DIRECTIONS> Look below for the line with "기후동행카드를 사니 친절하게 사용법을 같이 전달해주셨습니다."; begin the copy there and stop after the line with "ମିଠା ବାଣ୍ଟିବାକୁ ହୋଇ", keeping the text exact and the pictures out.

─── SUPPLIED MATERIAL ───

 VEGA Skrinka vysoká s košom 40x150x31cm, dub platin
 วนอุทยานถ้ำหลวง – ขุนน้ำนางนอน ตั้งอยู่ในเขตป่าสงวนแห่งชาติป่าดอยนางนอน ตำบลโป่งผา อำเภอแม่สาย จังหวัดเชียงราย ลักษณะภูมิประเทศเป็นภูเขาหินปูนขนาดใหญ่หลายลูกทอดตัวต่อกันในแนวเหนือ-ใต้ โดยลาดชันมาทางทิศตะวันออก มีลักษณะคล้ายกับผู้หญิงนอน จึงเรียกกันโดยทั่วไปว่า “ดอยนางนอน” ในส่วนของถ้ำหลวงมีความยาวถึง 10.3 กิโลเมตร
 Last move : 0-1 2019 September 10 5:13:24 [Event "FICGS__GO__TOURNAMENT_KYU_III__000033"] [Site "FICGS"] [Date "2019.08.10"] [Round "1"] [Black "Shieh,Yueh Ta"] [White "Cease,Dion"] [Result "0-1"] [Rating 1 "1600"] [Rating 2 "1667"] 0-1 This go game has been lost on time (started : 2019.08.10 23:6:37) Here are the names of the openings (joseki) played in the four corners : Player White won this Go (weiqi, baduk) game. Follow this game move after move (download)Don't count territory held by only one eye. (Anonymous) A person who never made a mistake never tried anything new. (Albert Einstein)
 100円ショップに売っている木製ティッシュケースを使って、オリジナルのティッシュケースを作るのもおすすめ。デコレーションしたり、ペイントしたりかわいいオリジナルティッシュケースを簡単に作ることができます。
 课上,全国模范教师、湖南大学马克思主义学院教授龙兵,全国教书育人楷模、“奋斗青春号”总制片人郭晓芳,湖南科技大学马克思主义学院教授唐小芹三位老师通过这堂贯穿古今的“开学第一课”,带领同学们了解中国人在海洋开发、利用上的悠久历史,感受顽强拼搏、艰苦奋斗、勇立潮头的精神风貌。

───
─── SUPPLIED MATERIAL ───

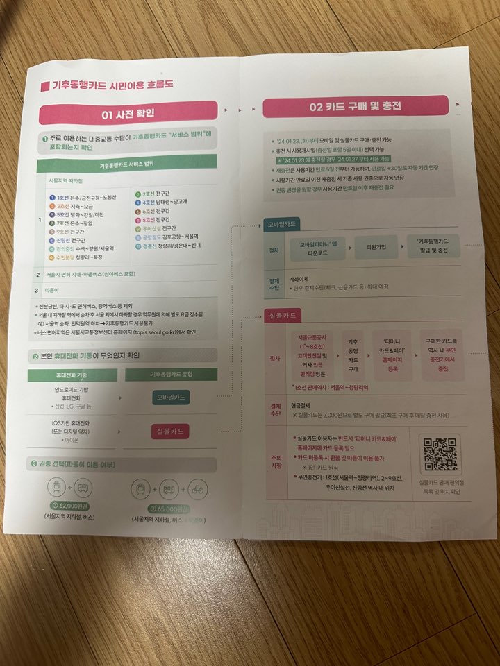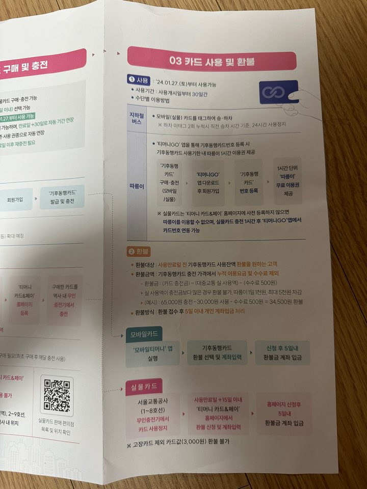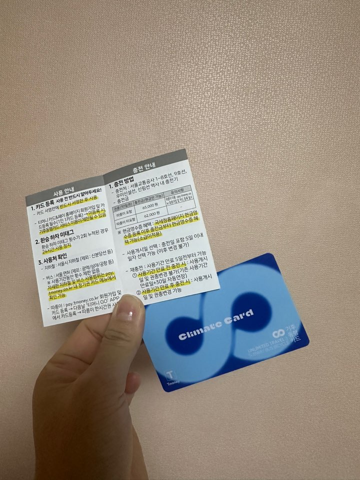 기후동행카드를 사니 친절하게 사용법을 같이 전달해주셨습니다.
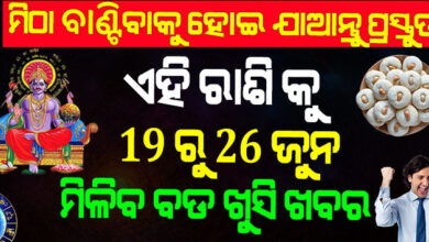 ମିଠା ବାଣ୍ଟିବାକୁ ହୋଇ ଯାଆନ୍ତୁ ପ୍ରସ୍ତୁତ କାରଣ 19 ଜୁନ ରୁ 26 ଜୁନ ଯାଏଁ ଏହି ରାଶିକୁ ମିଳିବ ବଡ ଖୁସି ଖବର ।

───

OUTPUT BELOW>
 기후동행카드를 사니 친절하게 사용법을 같이 전달해주셨습니다.
 ମିଠା ବାଣ୍ଟିବାକୁ ହୋଇ ଯାଆନ୍ତୁ ପ୍ରସ୍ତୁତ କାରଣ 19 ଜୁନ ରୁ 26 ଜୁନ ଯାଏଁ ଏହି ରାଶିକୁ ମିଳିବ ବଡ ଖୁସି ଖବର ।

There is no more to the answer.